Segment Open
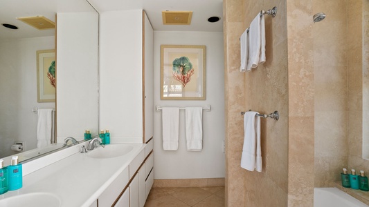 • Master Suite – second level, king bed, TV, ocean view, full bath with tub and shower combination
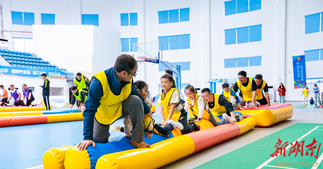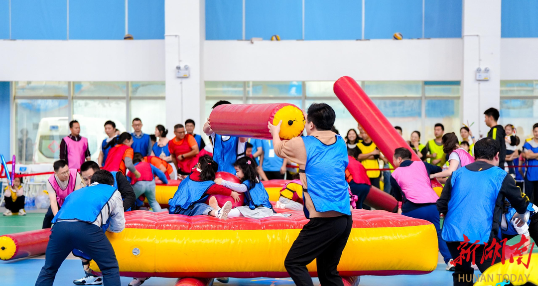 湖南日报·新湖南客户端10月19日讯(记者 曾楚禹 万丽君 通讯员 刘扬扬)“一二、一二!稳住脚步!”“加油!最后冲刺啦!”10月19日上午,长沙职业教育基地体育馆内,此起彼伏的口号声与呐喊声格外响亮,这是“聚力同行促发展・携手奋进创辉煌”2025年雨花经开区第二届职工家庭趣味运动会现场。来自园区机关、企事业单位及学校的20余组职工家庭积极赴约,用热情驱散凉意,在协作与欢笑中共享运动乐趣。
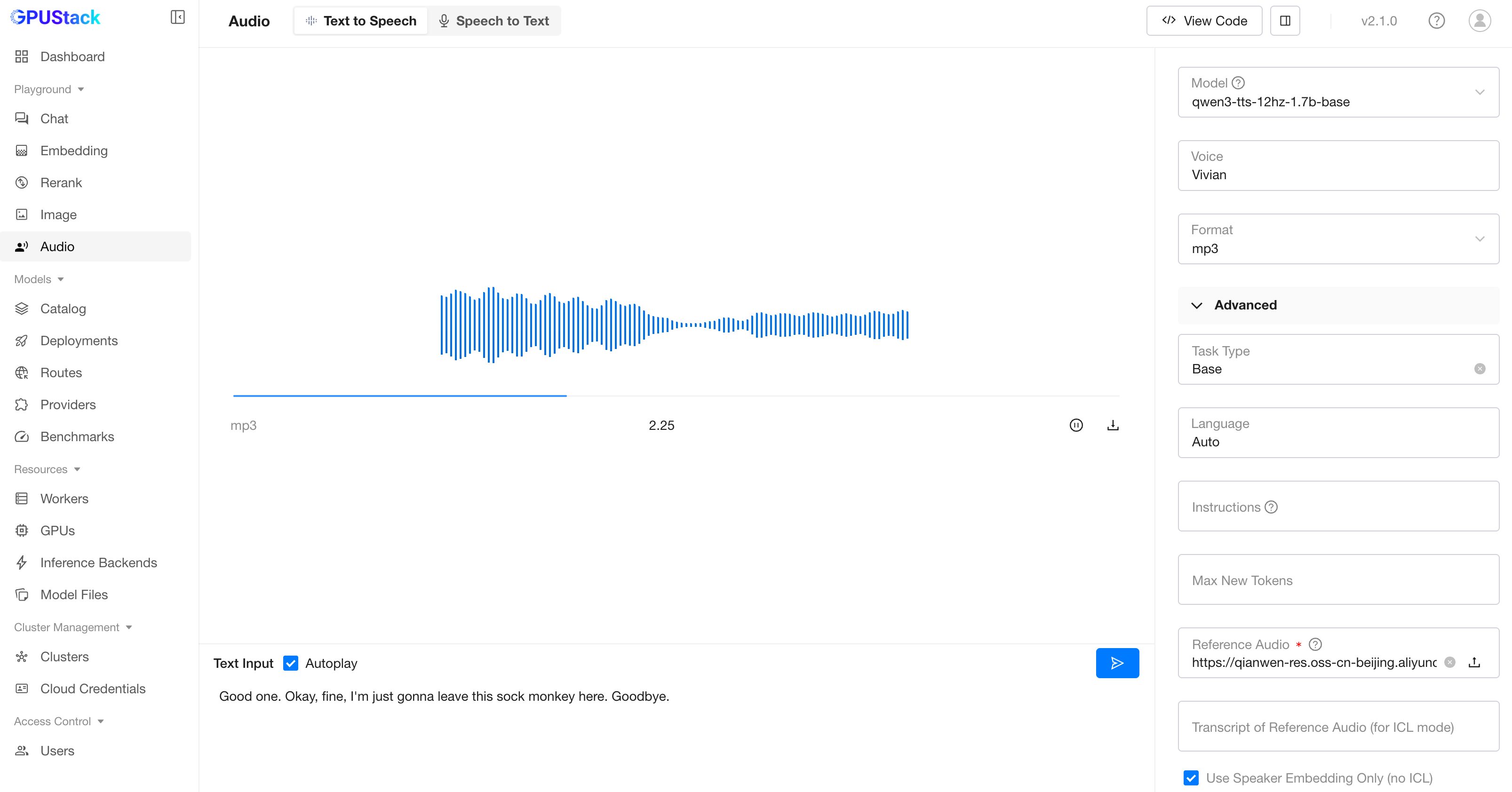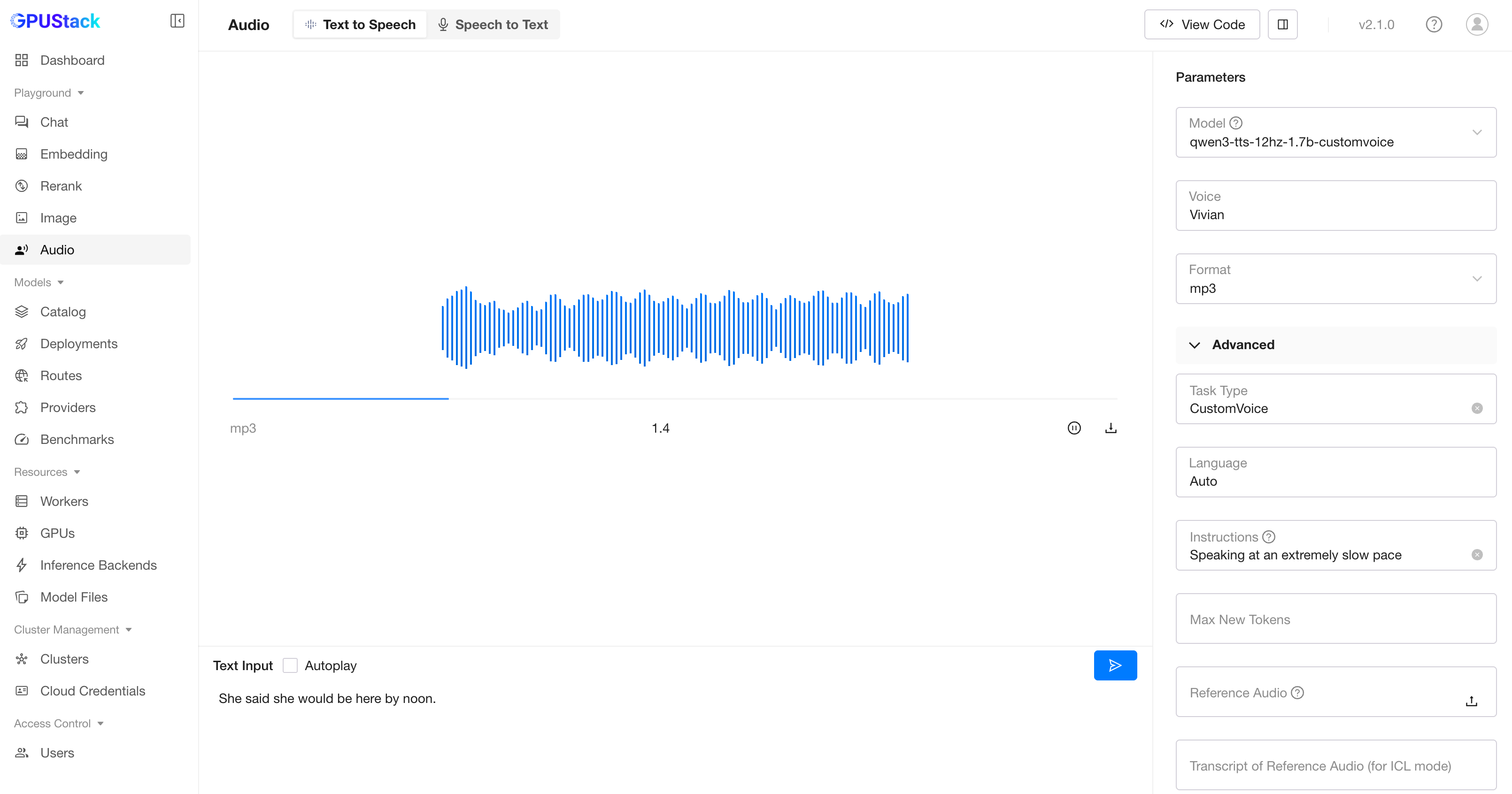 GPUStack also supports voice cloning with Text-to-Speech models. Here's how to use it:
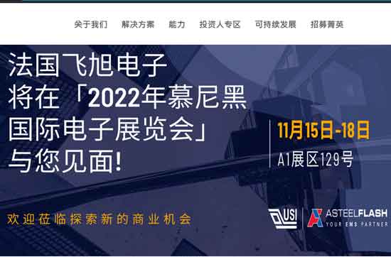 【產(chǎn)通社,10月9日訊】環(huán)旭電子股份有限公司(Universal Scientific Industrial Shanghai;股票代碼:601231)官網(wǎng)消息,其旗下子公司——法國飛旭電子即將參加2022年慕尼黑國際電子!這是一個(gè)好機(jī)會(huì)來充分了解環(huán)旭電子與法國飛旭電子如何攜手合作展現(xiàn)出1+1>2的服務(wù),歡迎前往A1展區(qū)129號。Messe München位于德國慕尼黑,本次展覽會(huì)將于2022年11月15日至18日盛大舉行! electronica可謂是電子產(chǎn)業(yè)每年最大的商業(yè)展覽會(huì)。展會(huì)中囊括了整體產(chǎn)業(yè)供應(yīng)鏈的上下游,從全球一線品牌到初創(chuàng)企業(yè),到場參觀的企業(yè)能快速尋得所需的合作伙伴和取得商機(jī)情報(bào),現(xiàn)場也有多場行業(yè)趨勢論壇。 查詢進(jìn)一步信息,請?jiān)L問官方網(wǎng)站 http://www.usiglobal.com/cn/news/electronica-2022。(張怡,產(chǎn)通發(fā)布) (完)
Segment Closed
• _EXERCISE_:
Without the pictures, repeat every line of the material above exactly.

• _ANSWER BOX_:
 • Master Suite – second level, king bed, TV, ocean view, full bath with tub and shower combination
 湖南日报·新湖南客户端10月19日讯(记者 曾楚禹 万丽君 通讯员 刘扬扬)“一二、一二!稳住脚步!”“加油!最后冲刺啦!”10月19日上午,长沙职业教育基地体育馆内,此起彼伏的口号声与呐喊声格外响亮,这是“聚力同行促发展・携手奋进创辉煌”2025年雨花经开区第二届职工家庭趣味运动会现场。来自园区机关、企事业单位及学校的20余组职工家庭积极赴约,用热情驱散凉意,在协作与欢笑中共享运动乐趣。
 GPUStack also supports voice cloning with Text-to-Speech models. Here's how to use it:
 【產(chǎn)通社,10月9日訊】環(huán)旭電子股份有限公司(Universal Scientific Industrial Shanghai;股票代碼:601231)官網(wǎng)消息,其旗下子公司——法國飛旭電子即將參加2022年慕尼黑國際電子!這是一個(gè)好機(jī)會(huì)來充分了解環(huán)旭電子與法國飛旭電子如何攜手合作展現(xiàn)出1+1>2的服務(wù),歡迎前往A1展區(qū)129號。Messe München位于德國慕尼黑,本次展覽會(huì)將于2022年11月15日至18日盛大舉行! electronica可謂是電子產(chǎn)業(yè)每年最大的商業(yè)展覽會(huì)。展會(huì)中囊括了整體產(chǎn)業(yè)供應(yīng)鏈的上下游,從全球一線品牌到初創(chuàng)企業(yè),到場參觀的企業(yè)能快速尋得所需的合作伙伴和取得商機(jī)情報(bào),現(xiàn)場也有多場行業(yè)趨勢論壇。 查詢進(jìn)一步信息,請?jiān)L問官方網(wǎng)站 http://www.usiglobal.com/cn/news/electronica-2022。(張怡,產(chǎn)通發(fā)布) (完)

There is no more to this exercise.